These two aren't really fighting over the same ground, mate, so the choice is easier than it looks.
Farrow & Ball is the heavyweight. 301 colours, with a properly deep bench in greens (67), blues (41) and neutrals (38), and an LRV range running from a near-black 5 right up to 92. That breadth matters: when you want a green with genuine complexity — something that shifts through the day — F&B has more contenders than anyone. The colours have depth and pigment richness that's hard to fault, and the chalky Estate Emulsion finish is iconic for a reason. The trade-off is price and that flat finish marks easily, so for kitchens and hallways you'll want their Modern Emulsion instead.
Lick is the modern challenger — 99 colours, tightly edited, strongest in greens (19), neutrals (13) and blues (13), with whites a real focus (12 of them). It's designed for people who find a fan deck overwhelming. The peel-and-stick samples are excellent, the app-led approach is genuinely useful, and it's noticeably cheaper. The finish is durable and washable, which suits family homes. What you lose is range and that last 10% of pigment subtlety F&B trades on.

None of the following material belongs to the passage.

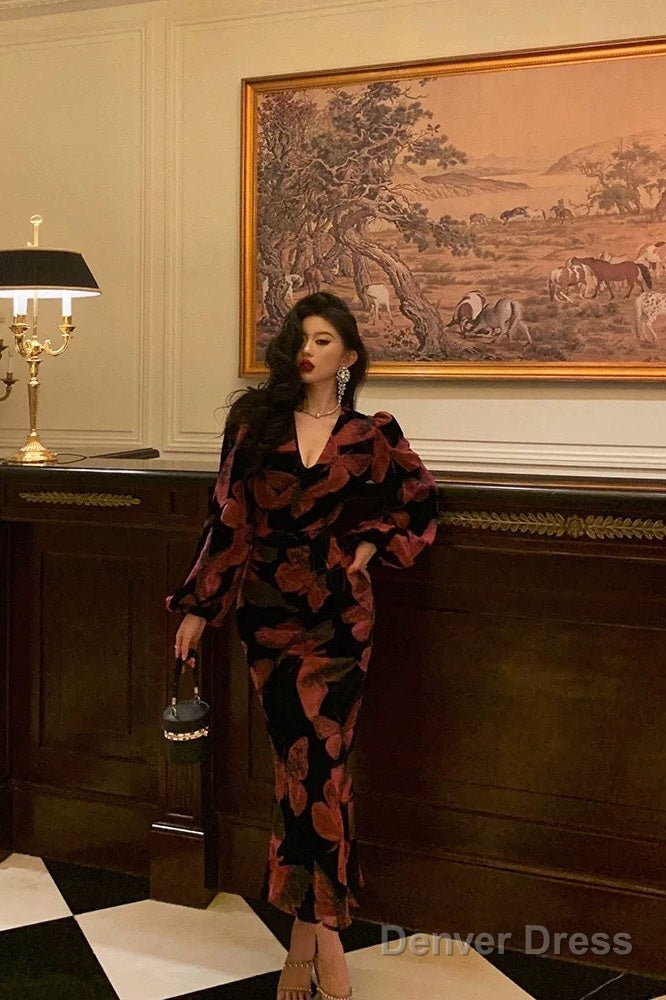 Classy Mermaid V Neckline Long Sleeves Black Velvet Pink Butterfly Prom Dresses Birthday Outfits

Look at the whites as a tell. F&B's All White is a pure, uncomplicated white with no underlying tint — clean and bright. Lick's White 01 and White 07 sit in similar territory but the range stops there; F&B gives you dozens of off-whites to fine-tune warmth against your light. On bolder colour, F&B's Acid Drop is the kind of zingy, confident yellow-green that shows what 301 colours buys you — Lick simply doesn't go that loud.
My honest steer: if colour is the whole point of the project — a drawing room, a statement hallway, a dark moody snug — go Farrow & Ball. If you want a calm, contemporary scheme done quickly and affordably without agonising over 50 near-identical greys, Lick will sort you nicely. Sample either properly before you commit; both brands make it easy.